Peter, you said, "The popular, quasi-European medieval background which sits behind so many fantasy works is, in historical terms, little more than pastiche." That is, unfortunately, true, and contributes to a complaint I actually hear a lot at conventions and from industry insiders--that everything on the shelves is beginning to look alike. Perhaps my tastes have been jaded over the years because a) I have read a LOT of fantasy and b) I've workshopped for years, working with many beginning writers who clearly have swallowed all the stereotypes whole and never, EVER do a lick of research. I find myself buying less fantasy because it does look alike, and the beginners keep lifting big elements out of it--and doing it worse. There is often nothing plausible about their worlds, which, unfortunately, as you've noted, often applies to published work as well. The story does not always carry these books well enough to make me swallow the poor worldbuilding. And you can and do lose whole chunks of an audience that way. A friend of mine recounted her reaction (and that of most of her friends) to a historical novel set in her home state of Hawaii, wherein the author named her Hawaiin princess something that had an "R" in it. There is no R in the Hawaiin language. I guess it just sounded good to her. That book never made it out of the store, let alone into the hands of people who might have enjoyed and recommended the story. Research does count.

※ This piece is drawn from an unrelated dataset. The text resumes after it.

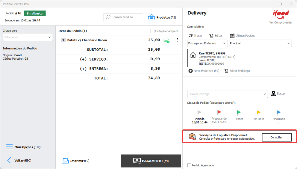 - Selecionar pedidos com formas de pagamento aceitas pelo iFood, conforme disponibilidade.

Peter said, "...presumably either a) your books focus on what you already know very well or b) it must take you a very long time to write each book due to the sheer volume of research you will have to do to make every detail right. And even then, you won't be anything close to an expert in all of these different areas - you'll still be dropping enormous clangers left, right and centre."
Eh, no. I have a degree in history and a broad background in a lot of areas from life experience that I call on, and what I don't know I research. I cut down the time involved by choosing situations and world settings that complement what I know and digging in where I need to. I can paddle a canoe but not sail a boat. If I had to transport my characters by water they would go as passengers or in some conveyance I feel confident writing about. I would construct my plot in a manner that doesn't thrust them into having to sail the thing; or, if it was unavoidable, I would make them as inept as I would be...or, I would go and take sailing lessons to learn enough to make their managing the thing plausible. The point is to understand what you're writing, not just stick stuff in and hope it's good enough to pass muster. Clearly a lot of readers don't care. A lot of us do.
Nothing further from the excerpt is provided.